The Federal Customs Service has prepared an initiative that could fundamentally change the work of sellers of imported goods on marketplaces.
The proposal is to oblige the sites to indicate three key parameters in the cards of goods imported from outside the EAEU: the country of origin, the HS code and the customs declaration number.
The logic of the FCS is clear. Marketplaces are now the largest channel for the sale of gray imports. The product may be imported at a reduced cost or without proper customs clearance at all, and then sold in an open retail network. Linking the product card to a specific customs declaration makes such schemes transparent.

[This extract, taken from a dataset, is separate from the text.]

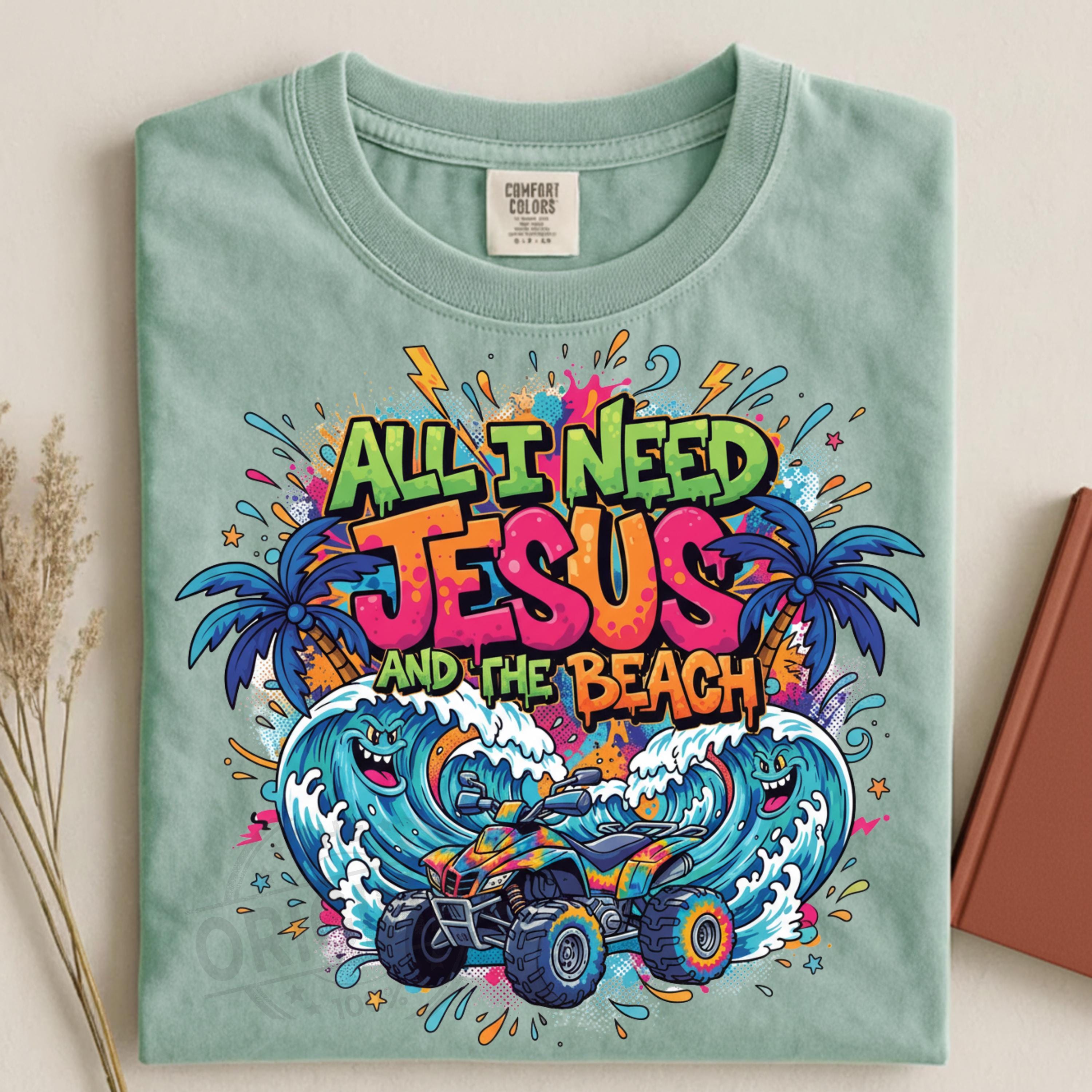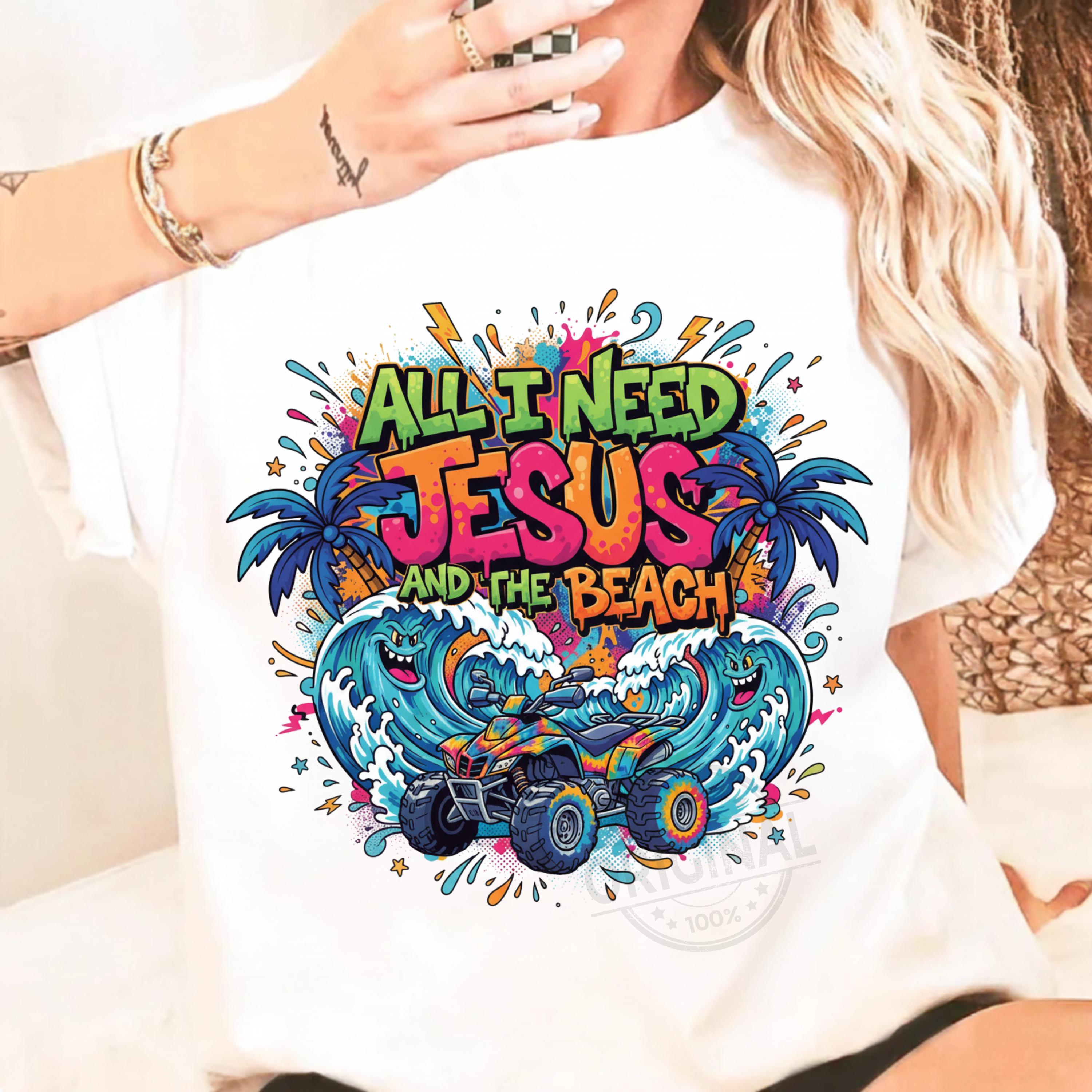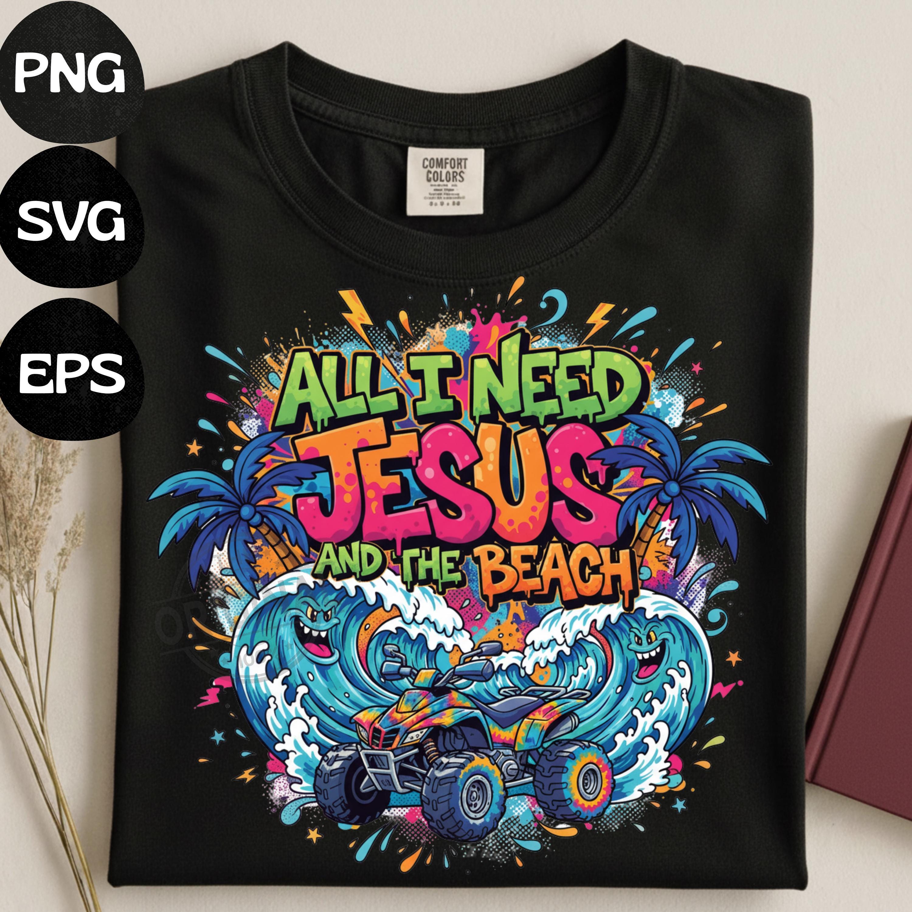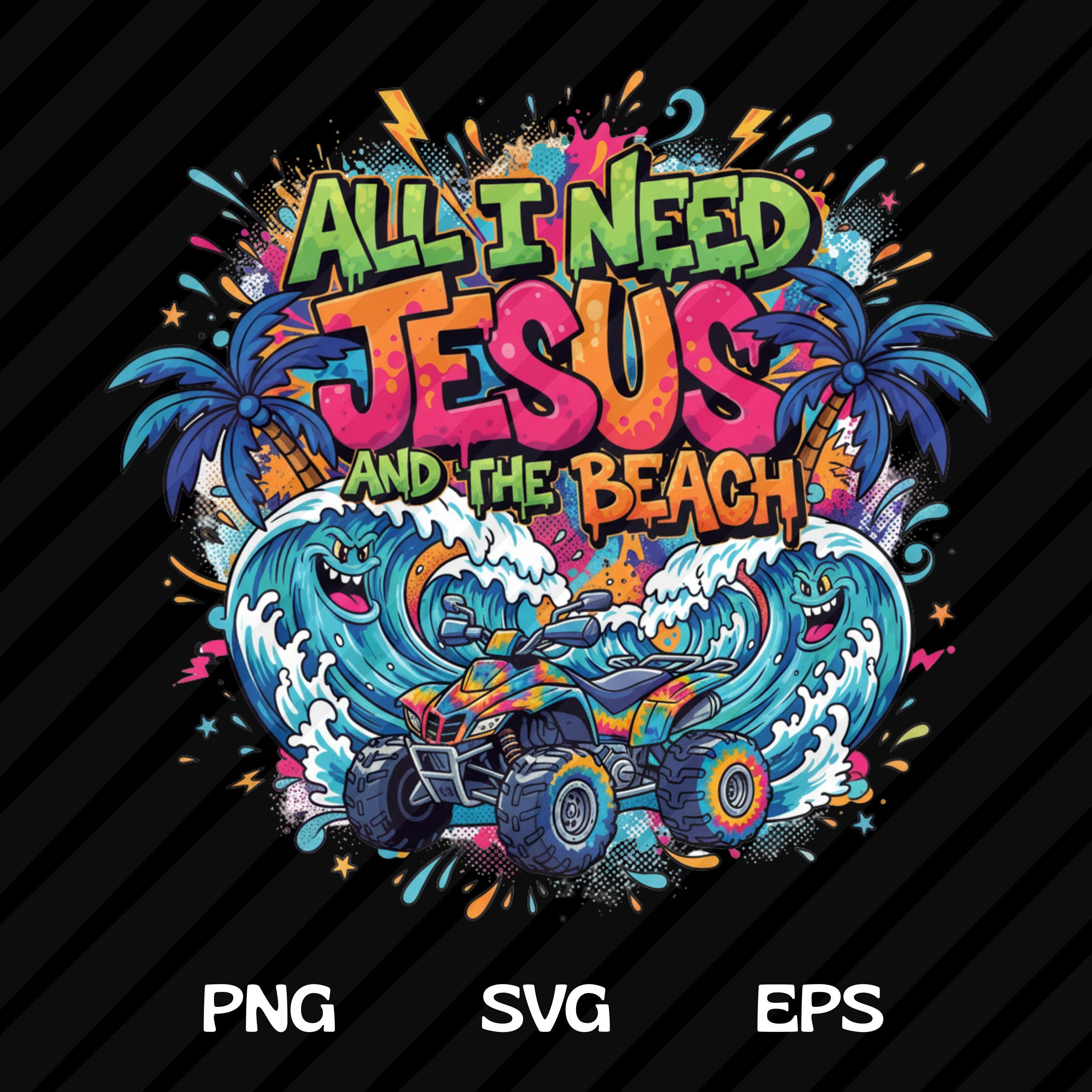 Bring faith and sunshine together with this All I Need Jesus and The Beach digital design. Perfect for crafting Christian summer shirts, beach totes, mugs, wall art, or DIY décor.

In parallel, the introduction of SPOT (detailed review of SPOT) is underway, which records each shipment from the EAEU even before crossing the border. The FCS proposal logically closes this system at the next stage: after importation, the goods must be identified at the point of sale.
For bona fide sellers, the change does not fundamentally change anything — they already have all the data. Labor costs will increase at the stage of filling out the cards, but the information itself exists in the documents.
The problem arises for those who work with goods without a complete customs history — parallel imports, cargo shipments, purchases through intermediaries without a complete set of documents. For them, the requirement to link the card to the declaration will become a serious barrier.
The initiative is still at the proposal stage — there is no final decision. But the vector of movement is obvious: marketplaces are becoming part of the customs control system. Sellers should prepare for this right now by building a complete documentary chain for each import item.